But many, including members of her family, suspect a coverup and are calling for an independent autopsy to verify the police claims. On Wednesday, the police used tear gas to disperse demonstrators protesting the decision to delay an autopsy for five days because the government’s chief pathologist is allegedly out of town. The fear is that this will give time for evidence of foul play to deteriorate.
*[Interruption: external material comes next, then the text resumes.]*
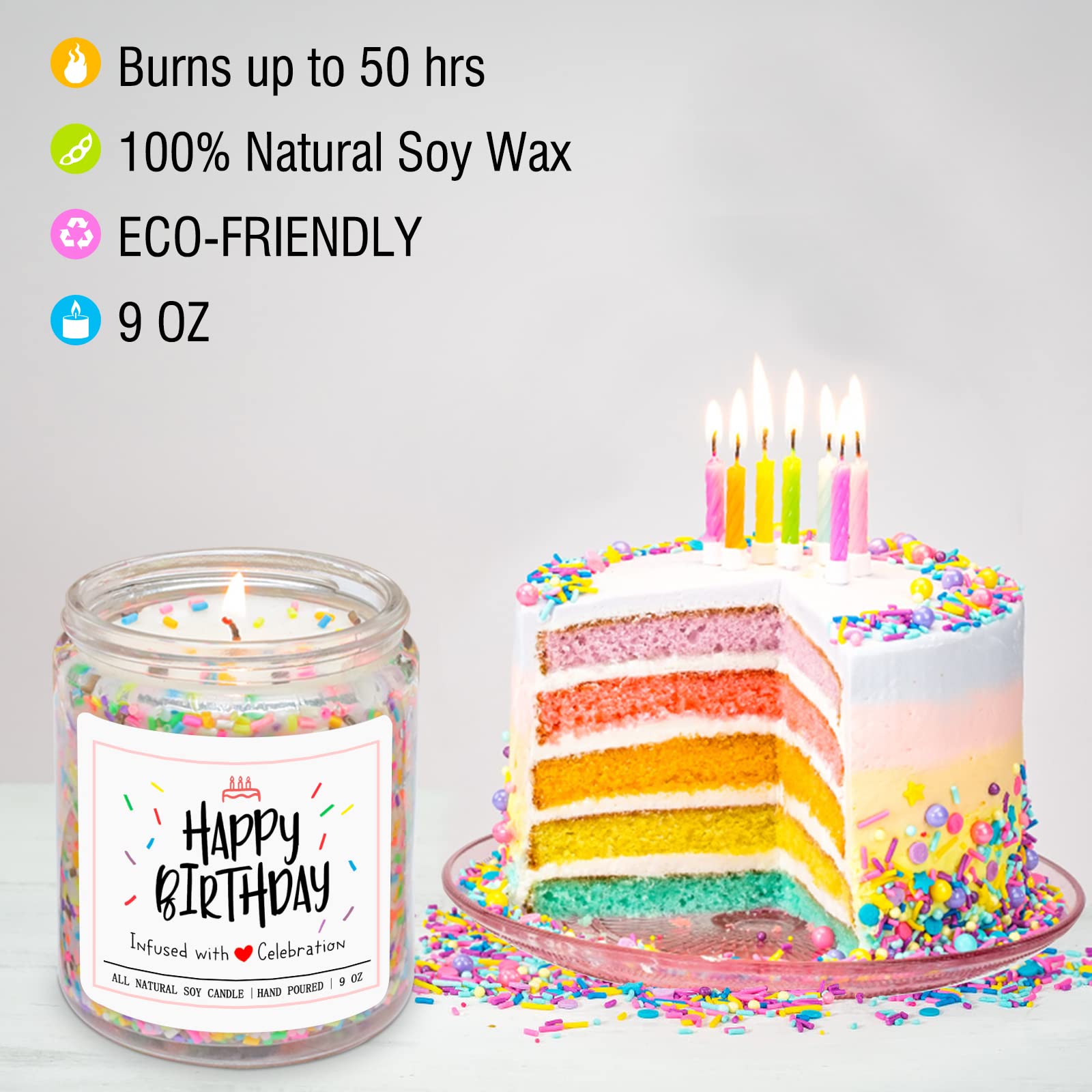 Vanilla Birthday Cake Scent: Light this candle to fill the room with the delightful aroma of birthday cake, creating a festive atmosphere. The soothing vanilla scent is also great for relaxation. It makes a fantastic birthday gift for women, best friend, mom, sister and more

The skepticism is clearly warranted. Not only have the police been caught red-handed executing unarmed people on the streets, claiming them to be criminals, but they have also conspired to murder and cover up the murder of human-rights defenders as well as other innocents. In a particularly notorious case from 2016, cops arrested and murdered Josephat Mwendwa, his lawyer Willy Kimani and taxi driver Joseph Muiruri in an effort to derail investigations into the shooting of Mwendwa a year earlier.
Further, Mwatha’s death coincides with another inauspicious anniversary. 29 years ago, Kenya’s foreign minister Robert John Ouko disappeared from his home in Koru, some 185 miles west of Nairobi, only for his body to be found hours later at the foot of Got Alila Hill, nearly four miles away. Despite clear evidence of torture and the fact that the body had been partially burned, the government had no qualms about ruling that Ouko had essentially killed himself then tried to burn his own body. Though the true killers of Ouko have never been brought to book, it is beyond doubt that the administration of former president, Daniel arap Moi, was heavily involved. The dictator even once claimed to know who Ouko’s murderers were.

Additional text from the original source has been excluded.